InvalidParameterException error
If the ExecuteCommand option for your Fargate task is deactivated, then you receive the InvalidParameterException error.
To resolve this issue, complete the following steps:
-
To check whether the enableExecuteCommand parameter is set to true or false, run the describe-tasks command:
aws ecs describe-tasks --cluster example-cluster-name --tasks example-task-id| grep enableExecuteCommand
Note: Replace example-cluster-name with your cluster and example-task-id with your task ID.
-
If the enableExecuteCommand parameter is false, then run the following update-service command to update the parameter to true:
aws ecs update-service --cluster example-cluster-name --service example-service --region example-region --enable-execute-command --force-new-deployment
Note: Replace example-cluster-name with your cluster, example-service with your service, and example-region with your AWS Region.

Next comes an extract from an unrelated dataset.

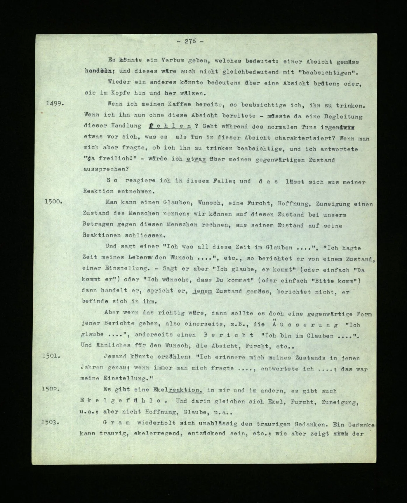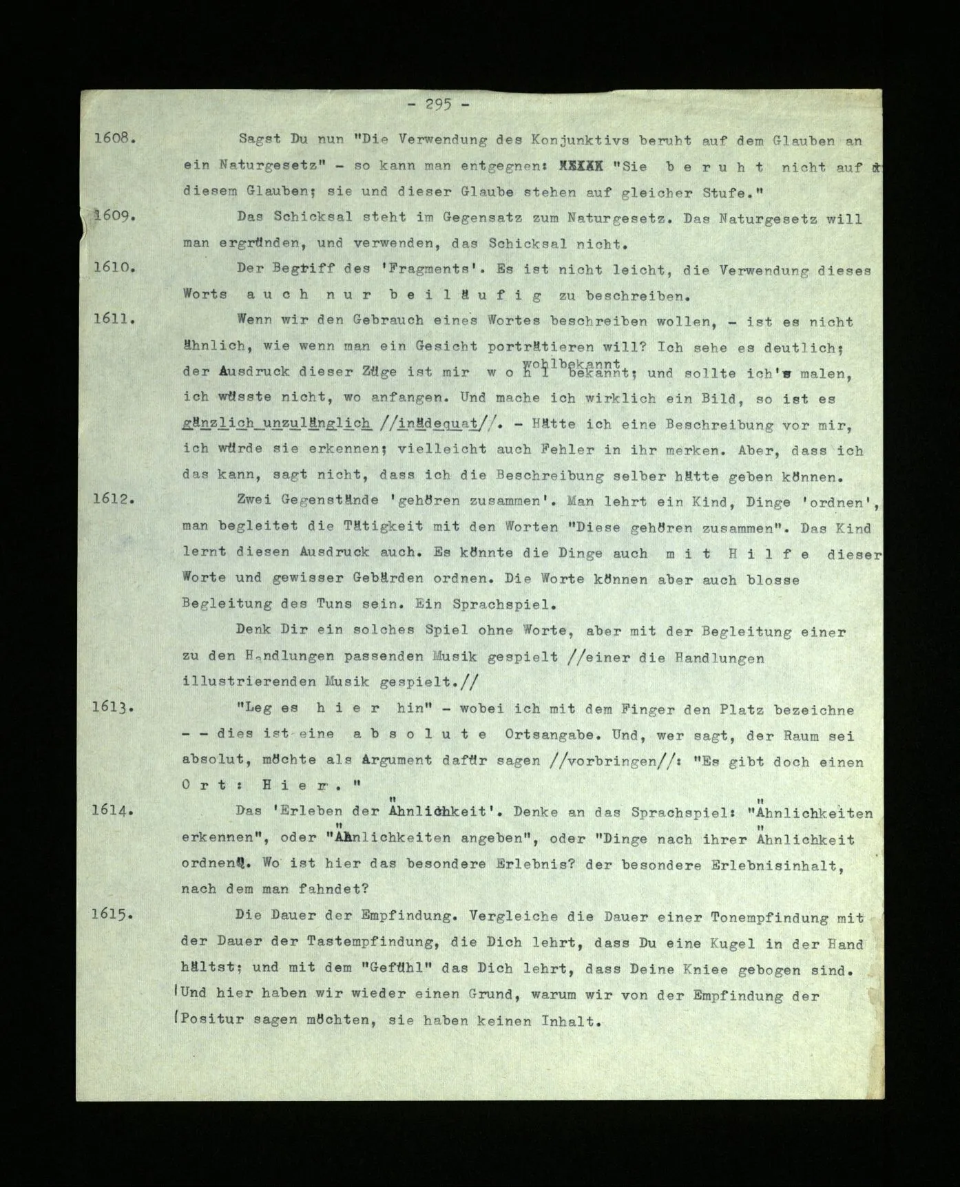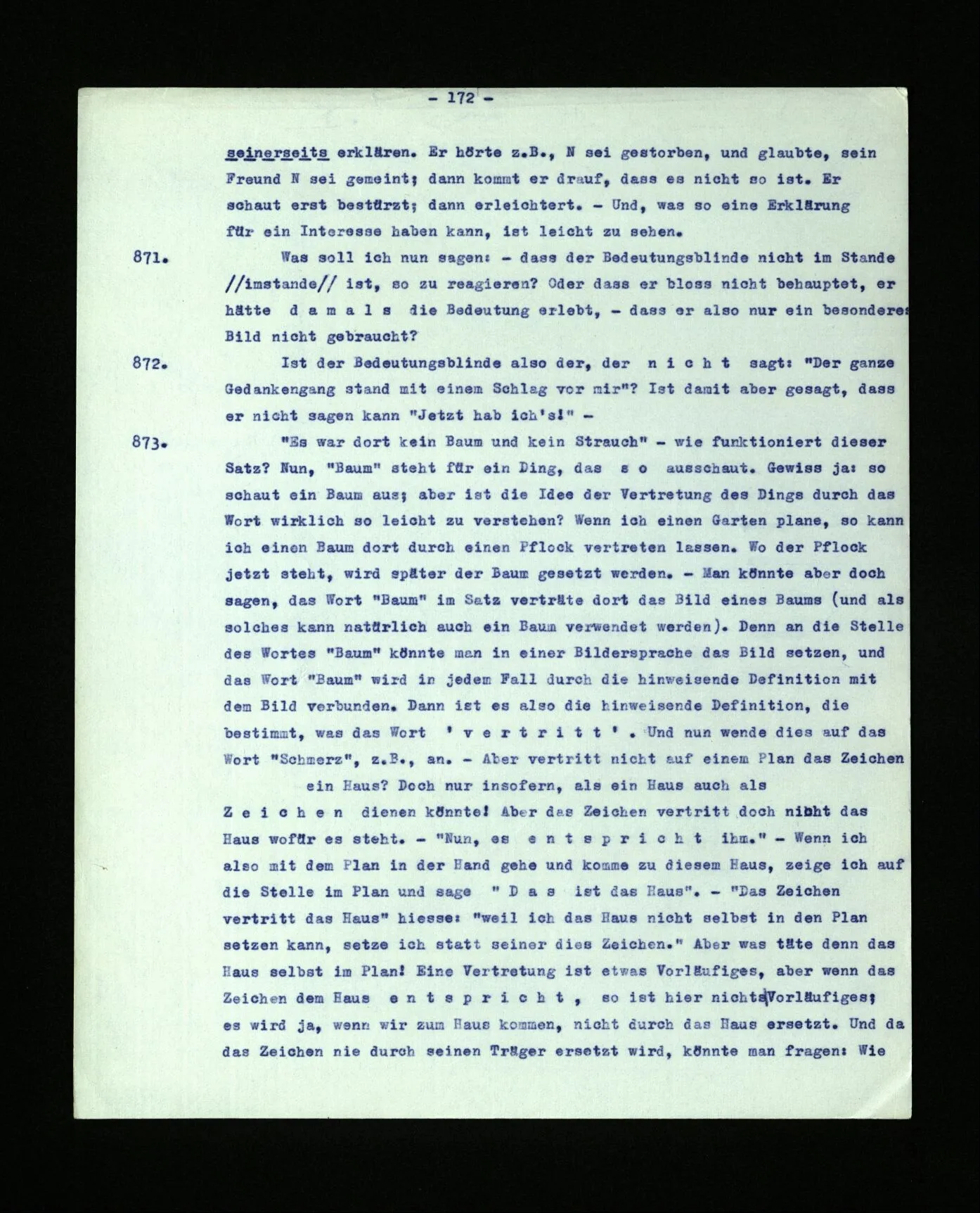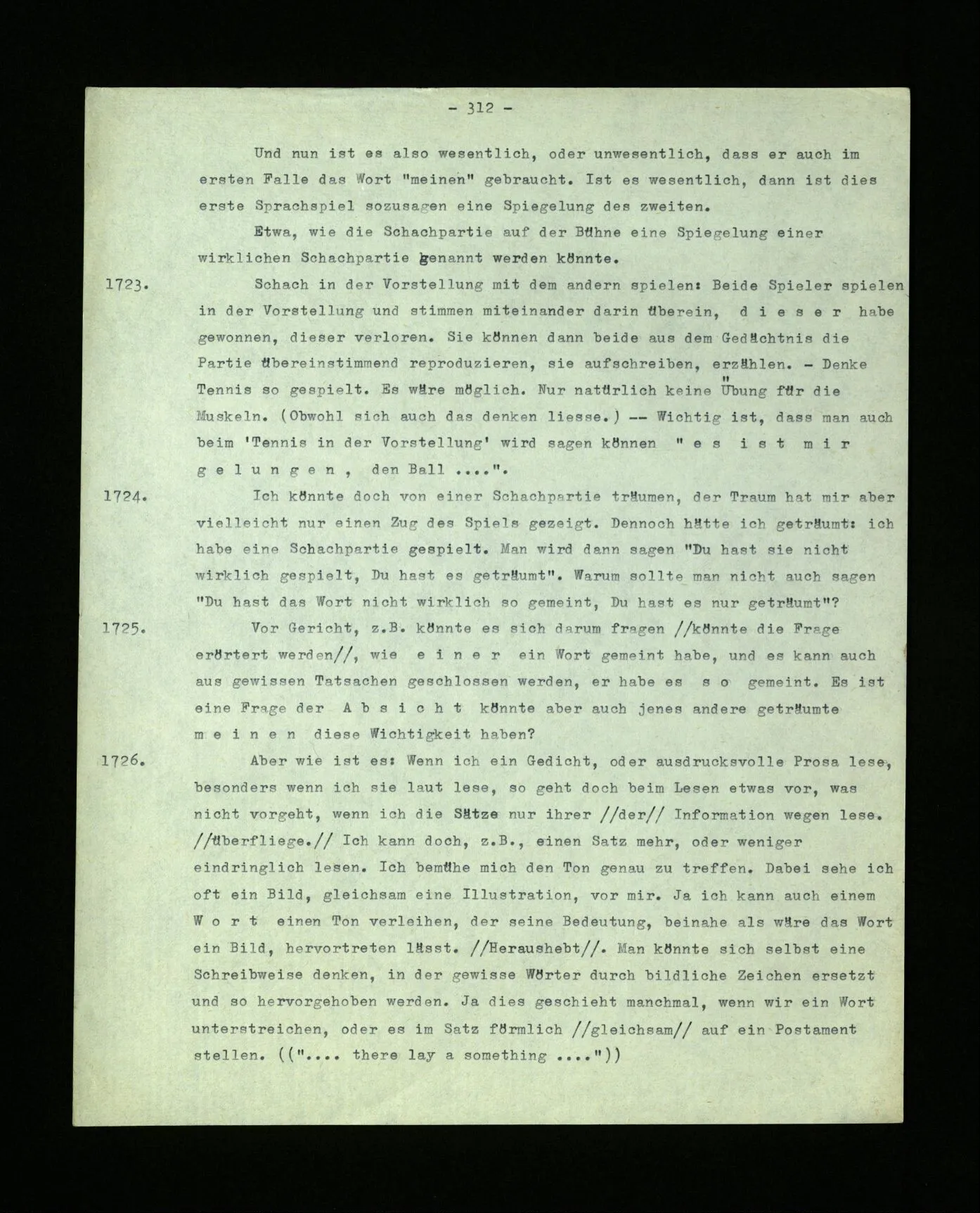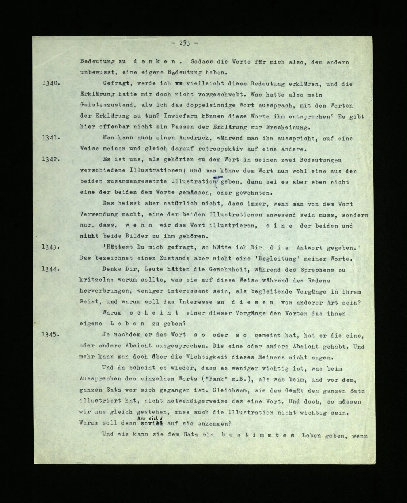 1803. Ist es aber nicht sonderbar, daß es so eine Reaktion so ein Geständnis der Intention gibt? Ist es nicht ein höchst merkwürdiges Sprachinstrument? Was ist eigentlich merkwürdig daran? Nun, – es ist schwer vorstellbar, wie der Mensch diesen Wortgebrauch lernt. Es ist gar so subtil.

The force-new-deployment option creates a new deployment that starts new tasks and stops earlier tasks based on the service's deployment configuration. If your services use the AWS CodeDeploy blue/green deployment, then initiate a CODE_DEPLOY deployment instead of force-new-deployment. You can't use force-new-deployment for a blue/green deployment because a forced deployment launches a rolling update.
-
To check the status of ExecuteCommandAgent, run the following describe-tasks command:
aws ecs describe-tasks --cluster example-cluster-name --tasks example-task-id | grep -A 6 managedAgents
Note: Replace example-cluster-name with your cluster and example-task-id with your task ID.
-
Check the command's output for the state of the ExecuteCommand agent. If lastStatus of ExecuteCommandAgent isn't RUNNING, then check the ExecuteCommandAgent agent logs to identify the root cause. Proceed to the Generate logs for ECS Exec to identify issues troubleshooting steps to generate the ExecuteCommandAgent logs.
If ExecuteCommandAgent can't retrieve credentials because you configured a proxy in the container, then add the following NO_PROXY option to your container instance's configuration files:
env no_proxy=169.254.169.254,169.254.170.2
TargetNotConnectedException error
To resolve a TargetNotConnectionException error, take the following actions.
Add the required permissions and validate the networking configuration
Complete the following steps:
- Add the required permissions to your Amazon ECS task's AWS Identity and Access Management (IAM) role. If the task's IAM role already has the required permissions, then make sure that service control policies (SCPs) aren't blocking the task's connection to SSM Agent.
- If you use Amazon Virtual Private Cloud (Amazon VPC) interface endpoints with Amazon ECS, then create the following endpoints:
ec2messages.region.amazonaws.com
ssm.region.amazonaws.com
ssmmessages.region.amazonaws.com
Note: Replace region with your Region.
- To confirm that your AWS CLI environment and Amazon ECS cluster or task are ready for ECS Exec, run the check-ecs-exec.sh script. The output of the check-ecs-exec.sh script shows what you must resolve before you use ECS Exec. For information about prerequisites and usage, see Amazon ECS Exec Checker on the GitHub website.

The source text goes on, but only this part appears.